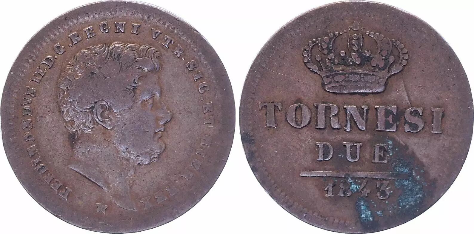 Coin Naples and Sicily 2 Tornesi Ferdinand II - 1843 - VF - KM.397
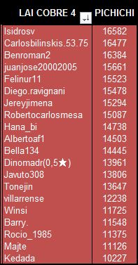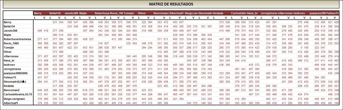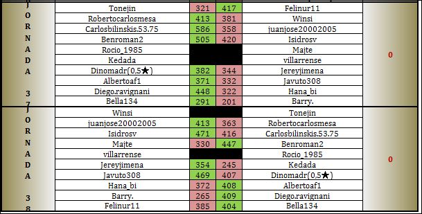 Igualmente quiero dar la enhorabuena a Jereyjimena y Juanjose20002005 que. a falta de los resultados de esta semana, estan igualados en el 4º puesto.
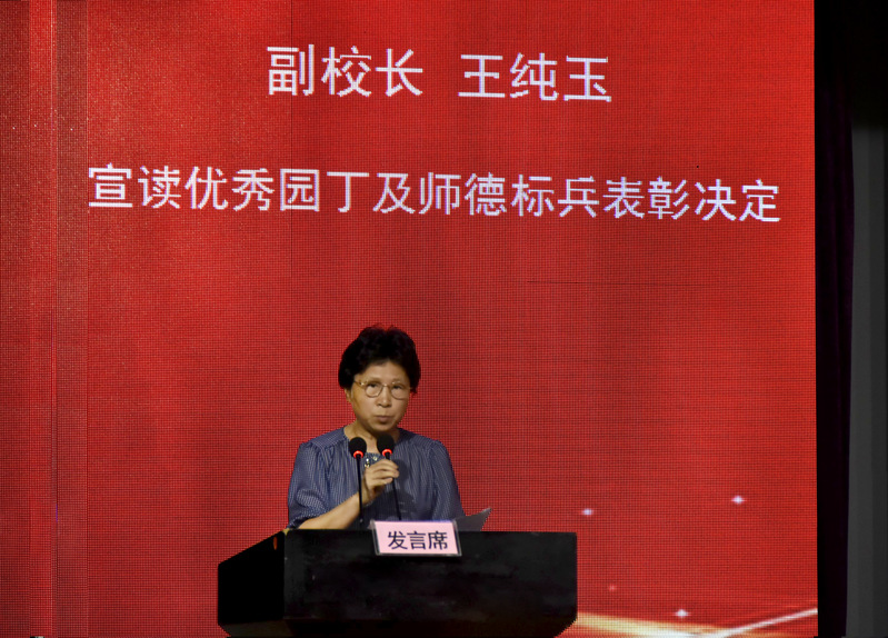 会上,王纯玉副校长宣读了《天博com体育网站“优秀园丁”及“师德标兵”表彰决定》,覃倩等7位教师荣获“师德标兵”荣誉称号;王朝琳等18位教师荣获“优秀园丁”荣誉称号。
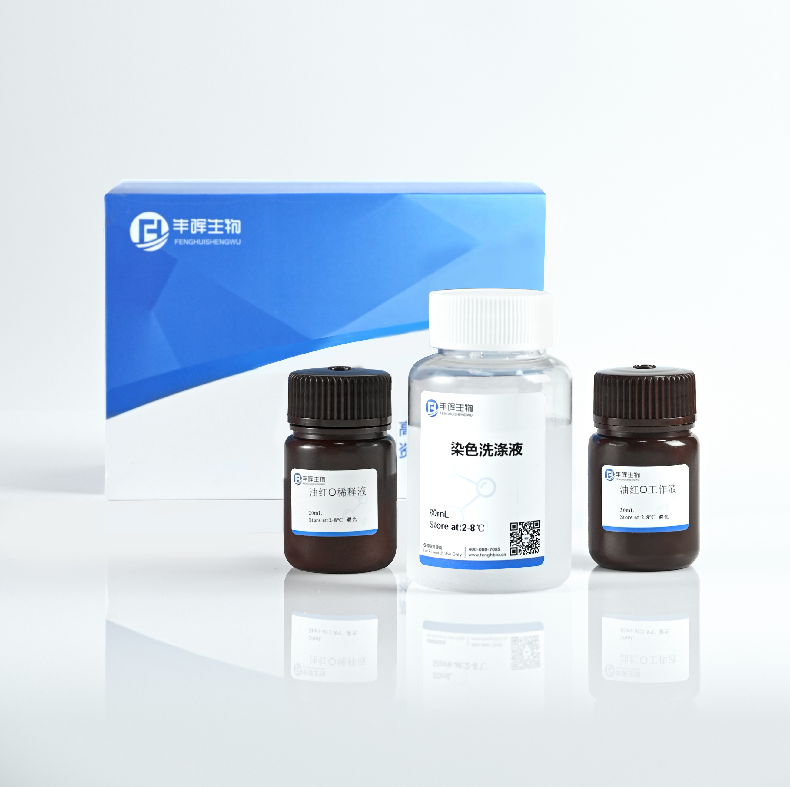 油红O染色试剂盒是一种通过油红O染料特异性地使培养的脂肪细胞中的脂滴或组织内的甘油三脂等中性脂质染成红色或橙红色的试剂盒。其染色原理是染料在脂质的溶解度较在原溶剂中的溶解度更大,所以在染色时染料就从有机溶剂转移入脂质而使脂肪染色。本试剂盒为针对细胞样本的改良版本,适用于细胞样本的染色,操作便捷,性能稳定,染色效果清晰、鲜明。阳性染色结果呈橘黄至红色,具体颜色因脂质浓度而定。

━━━━━━

Retype the data above exactly, dropping every picture.

 Coin Naples and Sicily 2 Tornesi Ferdinand II - 1843 - VF - KM.397
 Igualmente quiero dar la enhorabuena a Jereyjimena y Juanjose20002005 que. a falta de los resultados de esta semana, estan igualados en el 4º puesto.
 会上,王纯玉副校长宣读了《天博com体育网站“优秀园丁”及“师德标兵”表彰决定》,覃倩等7位教师荣获“师德标兵”荣誉称号;王朝琳等18位教师荣获“优秀园丁”荣誉称号。
 油红O染色试剂盒是一种通过油红O染料特异性地使培养的脂肪细胞中的脂滴或组织内的甘油三脂等中性脂质染成红色或橙红色的试剂盒。其染色原理是染料在脂质的溶解度较在原溶剂中的溶解度更大,所以在染色时染料就从有机溶剂转移入脂质而使脂肪染色。本试剂盒为针对细胞样本的改良版本,适用于细胞样本的染色,操作便捷,性能稳定,染色效果清晰、鲜明。阳性染色结果呈橘黄至红色,具体颜色因脂质浓度而定。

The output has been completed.